Various articles of manufacture that store instructions (and, optionally, data) executable by a computing system to implement techniques disclosed herein are also contemplated. The computing system may execute the instructions using one or more processing elements. The articles of manufacture include non-transitory computer-readable memory media. The contemplated non-transitory computer-readable memory media include portions of a memory subsystem of a computing device as well as storage media or memory media such as magnetic media (e.g., disk) or optical media (e.g., CD, DVD, and related technologies, etc.). The non-transitory computer-readable media may be either volatile or nonvolatile memory.
Although specific embodiments have been described above, these embodiments are not intended to limit the scope of the present disclosure, even where only a single embodiment is described with respect to a particular feature. Examples of features provided in the disclosure are intended to be illustrative rather than restrictive unless stated otherwise. The above description is intended to cover such alternatives, modifications, and equivalents as would be apparent to a person skilled in the art having the benefit of this disclosure.

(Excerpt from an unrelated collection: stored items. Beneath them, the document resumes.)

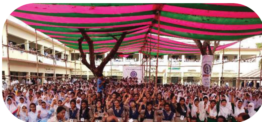
Schoolgirls for a Fistula-Free Bangladesh assembly in Satkhira.

FC+ also collaborated with USAID’s Advancing Adolescent Health project to build youth capacity to prevent fistula and advocate for fistula care. The Schoolgirls for a Fistula-Free Bangladesh initiative included training and outreach for over 3,000 high school teachers and students, local and national government health officials, and NGO representatives across the country. FC+ provided orientation on reproductive health, gender equity, early marriage, fistula, and other related issues. Each schoolgirl interacted with pregnant women in their community to share their knowledge on topics including fistula prevention and pregnancy warning signs. Students earned points for activities such as pledging to delay marriage, referring pregnant women for hospital delivery, and identifying and referring women with fistula symptoms for treatment. Students earning 100 points were certified as “Fistula Champions,” and recognized through a public appreciation ceremony. Through this initiative, FC+ linked students with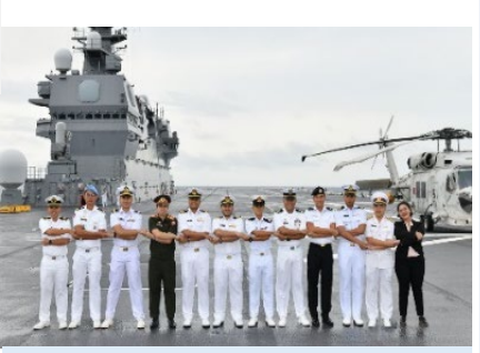
3rd Japan-ASEAN Ship Rider Cooperation Program (Jun 2019)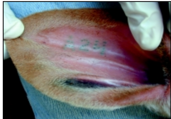
A legal tattoo has at least one number and one letter. After several weeks, the tattoo should become legible as the dried ink flakes out of the calf's ear.

Sanitize tongs between calves by spraying rubbing alcohol on the tongs and the individual tattoo pieces. This should be done before and after each procedure.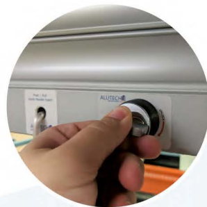
HD commercial lock thumb or key - 7pin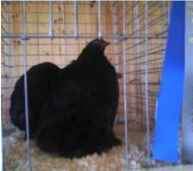
Junior BB Black Btm Pullet by Edison Cigany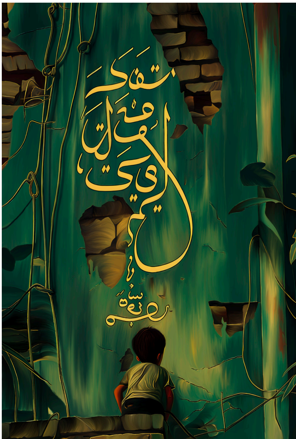
Echoes of Wisdom Size:a1 (594 x 841) Print on canvas

The calligraphic depiction of the word "Iqrah," which means "read," is deeply inspired by the Malayalam proverb, "Vaayichalum varalum, vaayichillelum varalum, vaayichu valarnnal vilayum vaayikkathe vararnnal vayalayum." This proverb underscores the transformative power of reading, emphasizing that engagement with knowledge can lead to growth and prosperity, while neglecting it can result in stagnation. The artwork vividly conveys this message by urging viewers to embrace reading and intellectual exploration. The word "Iqrah" serves as a poignant reminder of the value of learning and its potential to bring about positive change in both personal lives and communities. It encourages a deeper appreciation for education and its role in fostering development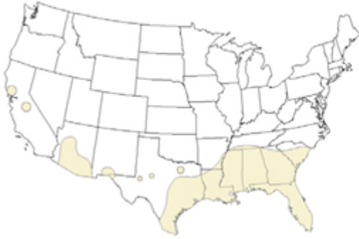
Approximate distribution of Aedes aegypti in the United States*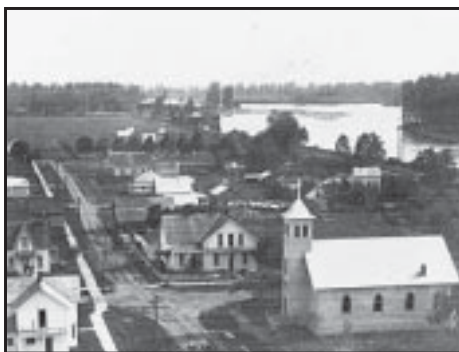
A historic view of Harrisburg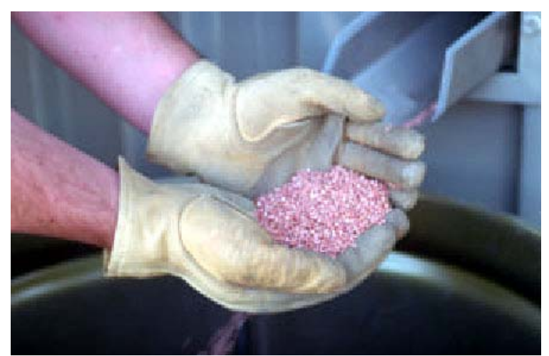
Fig. 4. Clean copper ready for reuse.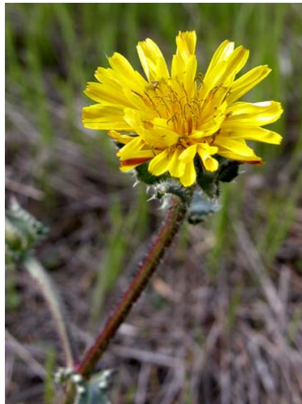
Bristly Ox-tongue Picris echioides Introduced Annual-Biennial Sunflower Family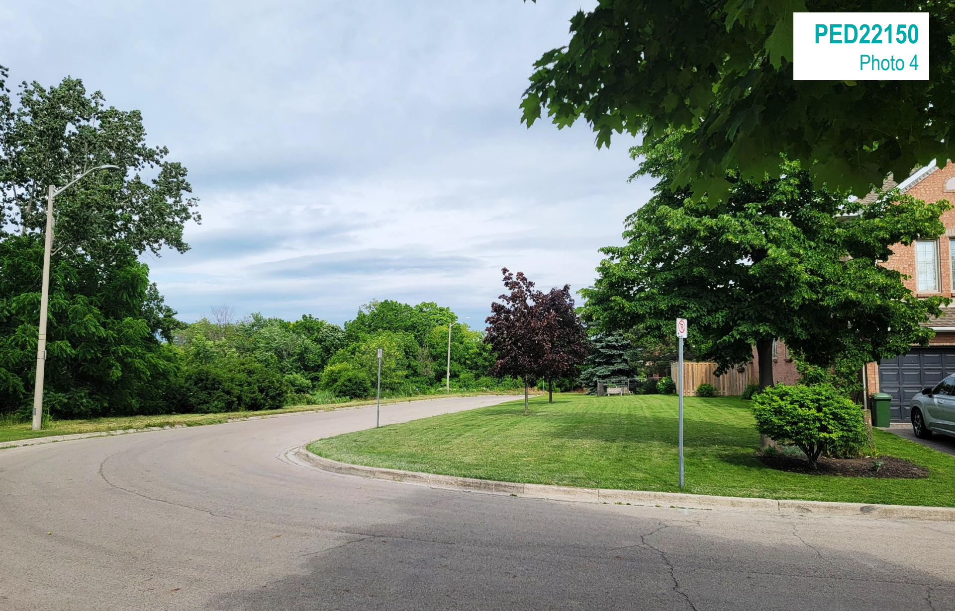
Cove Crescent temporary east-west connector road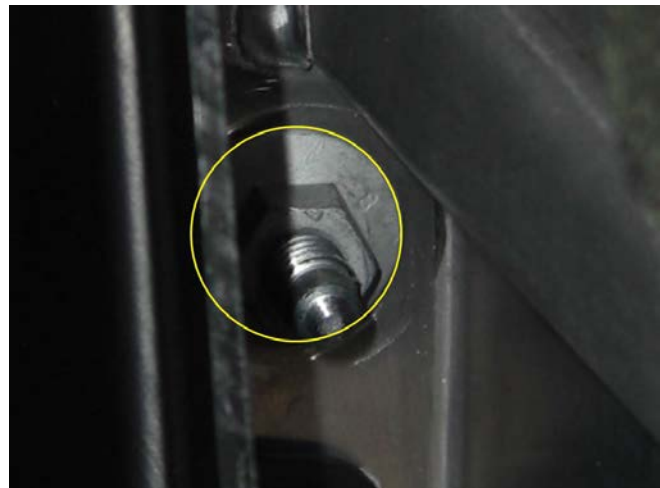
Figure 3. Instrument panel carrier nut to be marked.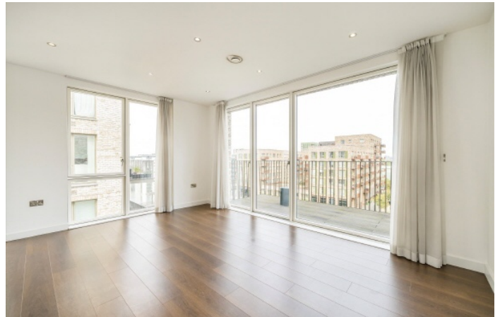
Lock Side Way, E16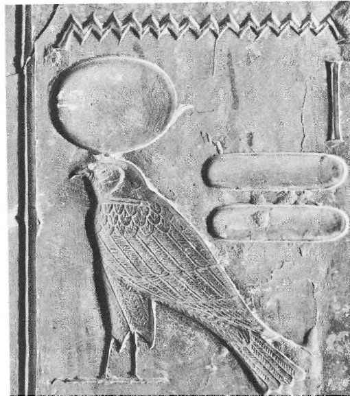
Sculptured hieroglyphs in tomb of Kheruef in Egypt

Begun in 1924, the Epigraphic Survey expedition to Egypt is the oldest of the Institute's field enterprises. It was initiated to help relieve a situation distressing in two particulars. The first was that so many of the great monuments of pharaonic Egypt had never been accurately drawn, rendered, and reproduced in print for scholarly study. The second was that the vast body of reliefs and inscriptions with which the walls of the structures are covered was deteriorating visibly from year to year, after so many centuries of exposure, a great part without having ever been copied systematically and with full attention to accuracy of detail.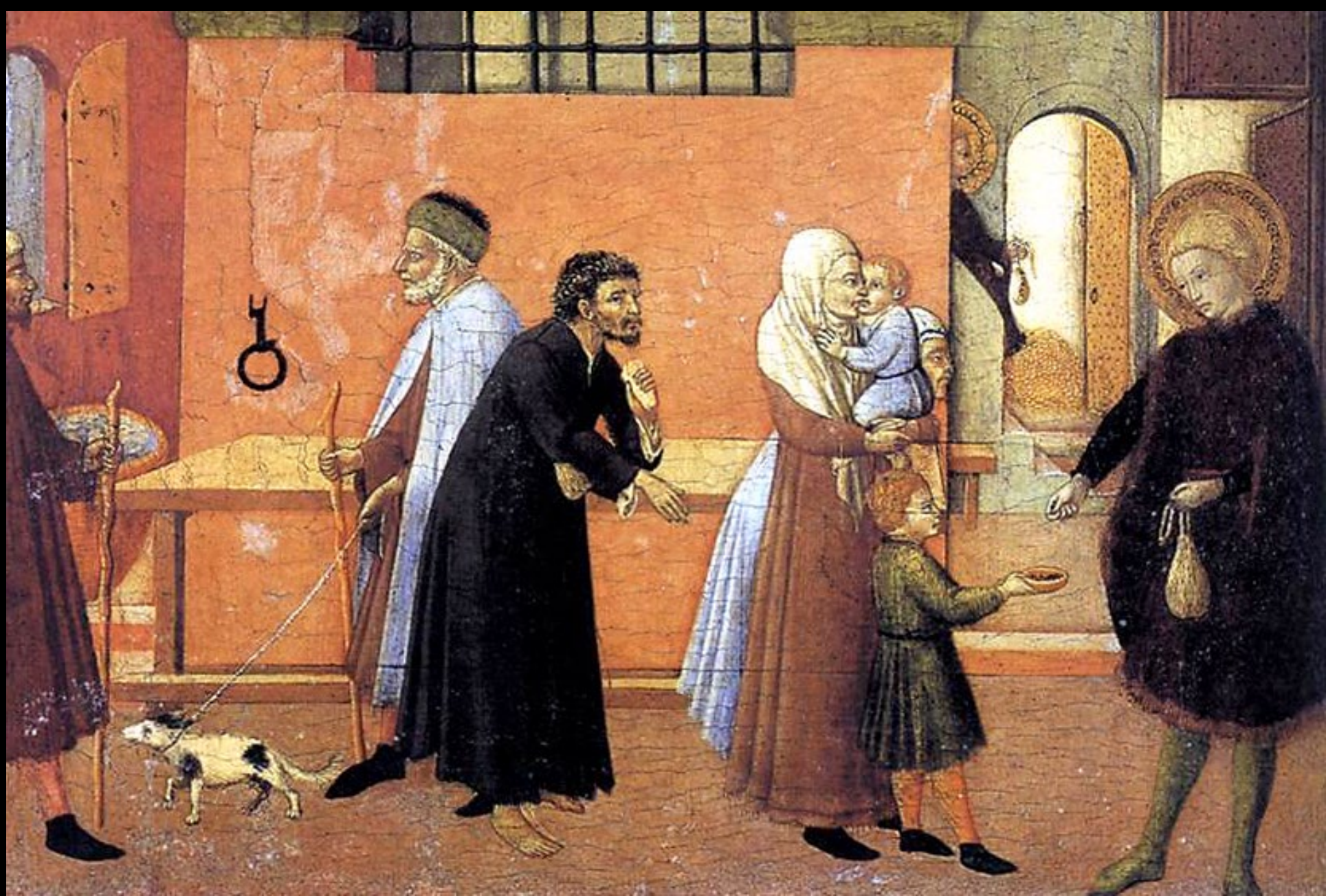
St. Lawrence Distributing the Riches of the Church -- Master of the Osservanza, National Gallery, Washington, DC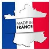
Image descriptive - coloris non contractuel Descriptive image - non-contractual colours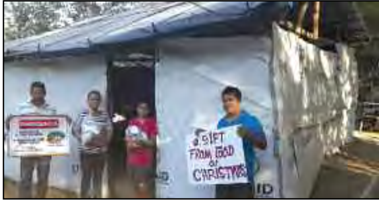
Top: Homeowners repaired their flood damaged homes as best they could. Bottom: An EDF grant brought assistance—just in time for Christmas.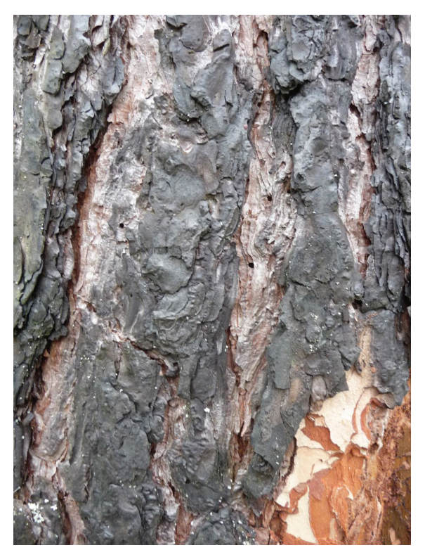
Figure 3. Imago outlets of Stephanopachys linearis (photo by J. Borowski, 2017).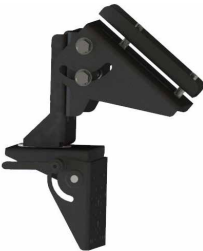
7160-1591 Tall Adjustable Overhead Guard Bar-short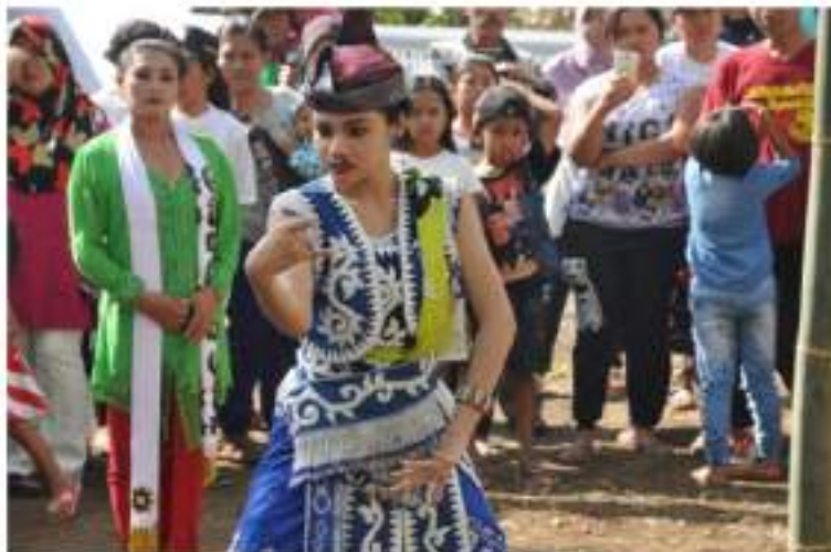
Fig 13. Remo dance as a welcome dance (Research Document)

After the ritual Petik Kopi, the local people and tourists who were presenting the ritual were treated to the performance of Madurese culture. The first performance was proceeded with Remo Dance as a heroic dance and as a welcome dance. The dance signified a style and movement in accordance with the local area surrounded by agrarian communities, so that it showed swift movements which become the characteristics of regional movements, namely Pencak Silat. The following figure is the representation of Remo Dance as an initial performance after completing Petik Kopi ritual.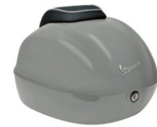
CM272930 GRIGIO MATERIA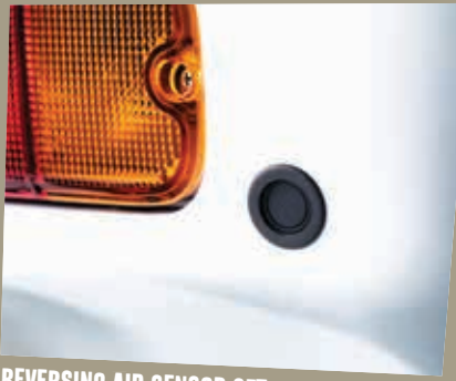
REVERSING AID SENSOR SET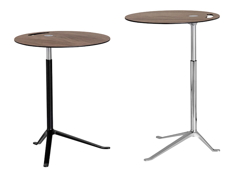
REPUBLIC OF Fritz Hansen®

The multi-purpose table Little Friend™ designed by Kasper Salto is a small yet significant piece of furniture in the history of Fritz Hansen. The ground-breaking design was the result of a series of a think tanks' ideas of new ways of working and living. Little Friend is a flexible, multifunctional and portable solution to the challenges of modern minimalist working and living. It is perfect for your laptop as well as your morning coffee.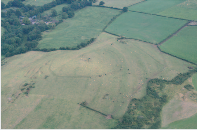
Freestone Hill. Late Bronze Age hillfort.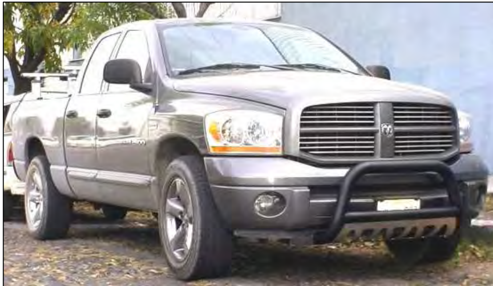
DAKAR / DAKAR SPORT INSTALLED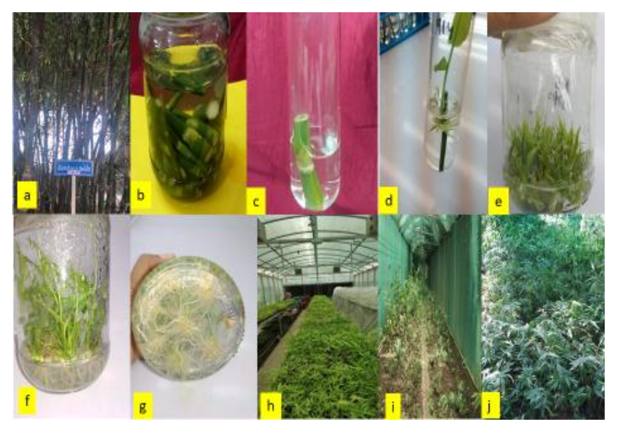
Figure 3. In vitro propagation of B. tulda using axillary node explants: (a) Source of explants, (b) Explants used for initiation, (c) One explant inoculated in MS media (MS+NAA 0.1 mg/l+BAP 1.0 mg/l), (d) Bud proliferation, (e) Multiple shoot regeneration, (f &g) Regenerated plantlets with well-developed roots, (h) Partially acclimatized plants in green house, (i) Fully acclimatized plant in shade house, and (j) One years old tissue culture raised plants in field.

was also monitored. After 30 to 45 days of primary hardening, plants were transferred to the Net or Shade house on mother bed constituting of sand and cow dung (1:1). For both species of bamboos, survival rate was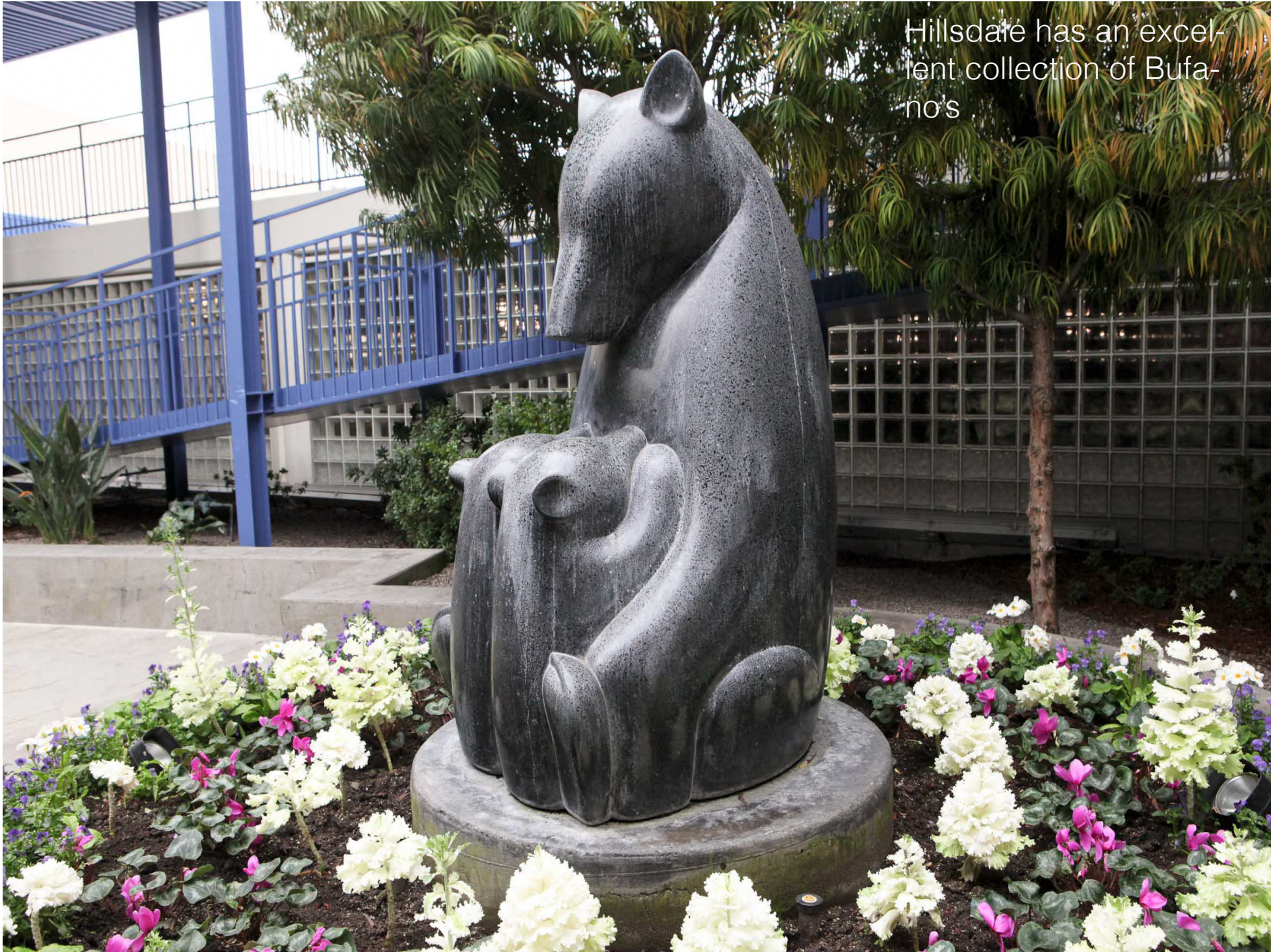
Hillsdale has an excellent collection of Bufano's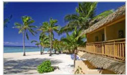
Absolute Beachfront Location....

The scope of the present disclosure includes any feature or combination of features disclosed herein (either explicitly or implicitly), or any generalization thereof, whether or not it mitigates any or all of the problems addressed herein. Accordingly, new claims may be formulated during prosecution of this application (or an application claiming priority thereto) to any such combination of features. In particular, with reference to the appended claims, features from dependent claims may be combined with those of the independent claims and features from respective independent claims may be combined in any appropriate manner and not merely in the specific combinations enumerated in the appended claims.
Number | Date | Country | Kind |
---|---|---|---|
PCT/CN2019/119675 | Nov 2019 | CN | national |
The present application claims priority to PCT Appl. No. PCT/CN2019/119675, filed Nov. 20, 2019, which is incorporated by reference herein in its entirety.